(“My brain is definitely not in gear but the wifi gives me TIME to THINK,” she says, more than a bit Moira-ishly.)

So maybe it can be a lesson in embracing the situation,” O’Hara says, gamely trying to get into PR work mode. “It’s like the show was made for the pandemic: we were a family holed up together, forced to get to know each other, and in the Roses’ case, they ended up loving it. (Levy’s real daughter, Sarah, plays Twyla, who works in the local cafe.) O’Hara and Levy play the parents, narcissistic former soap actor Moira and sensible businessman Jonny, while Daniel plays their son David, all catty asides and inexplicable outfits, and their daughter, former It girl Alexis, is played by Annie Murphy. The premise is a seemingly simple fish-out-of-water story: the Roses, a wealthy family, go bankrupt and are forced to relocate to the middle of nowhere and live in a depressing motel. This sweetness infuses the show, and it is why audiences have cleaved to it over the past miserable year. Photograph: CBC/ITV/Kobal/REX/Shutterstock (In addition, they were all nominated for Golden Globes last week.) O’Hara has known Levy since the early 70s, and Daniel since he was born, and the love between the three of them was palpable, with Daniel hugging himself with delight when O’Hara got her Emmy award.Įugene Levy as Johnny and Catherine O’Hara as Moira Rose in Schitt’s Creek. As well as O’Hara, Levy and his son Daniel, who, along with his father created Schitt’s Creek, starred in it and wrote it, won Emmys, too. Still, sweeping the Emmys was a hoot, she concedes, despite all the masks and social distancing.
#MOIRA ROSE MOVIE#
Writing your speech, just in case! That movie was a great reminder not to take it all too seriously.” “Eugene and I, any time awards season – that holiest of seasons – comes up, we always. “Oh, you got my number,” O’Hara cackles from her home in Los Angeles. Did she and Levy quote lines from Home for Purim at each other when they got their nominations?

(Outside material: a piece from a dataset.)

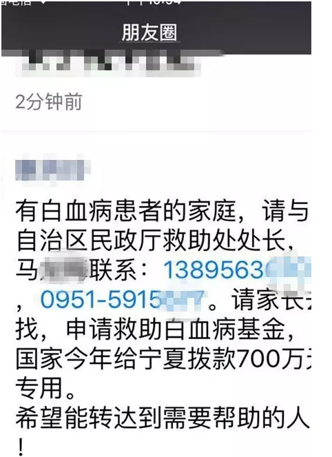 3日開始,該微信在多個(gè)朋友圈中刷屏,還公布了工作人員的手機(jī),當(dāng)天,多個(gè)網(wǎng)友撥打該手機(jī)申請(qǐng)或詢問是否能申請(qǐng)救助白血病基金。“剛開始還一頭霧水,后來看到了同事轉(zhuǎn)發(fā)給我的朋友圈截圖,才明白過來。”

O’Hara and Levy have worked together for so long that it’s impossible to talk about the Emmys without mentioning something else they both starred in: For Your Consideration, the 2006 film about a bunch of actors desperately jockeying for an Oscar while making the unforgettably titled film Home for Purim. One went to O’Hara, almost 40 years after she won her first, for her writing on SCTV, in which she starred alongside John Candy, Harold Ramis and, most importantly, her Schitt’s Creek co-star Eugene Levy.
#MOIRA ROSE SERIES#
The show came to an end last year after six seasons and it went out with fireworks, setting the record for the most Emmys won by a comedy series in a single season. Now, at 66, she has peaked yet further, with her glorious performance as Moira Rose in Schitt’s Creek, the most endearing sitcom to come along in yonks. O’Hara’s verbal meanderings (“Oh dear, what am I on about?”) are far more fun, swooping among the highlights from her career as a comedy cult star in the 1970s (the Canadian sketch show SCTV), 80s and 90s (Beetlejuice, Home Alone), and then Christopher Guest’s series of brilliant and largely improvised films (Waiting for Guffman, Best in Show, A Mighty Wind and For Your Consideration). C atherine O’Hara and I spend most of our time together anxiously apologising to one another, me for my terrible wifi connection, her for what she describes as her “ramblings”.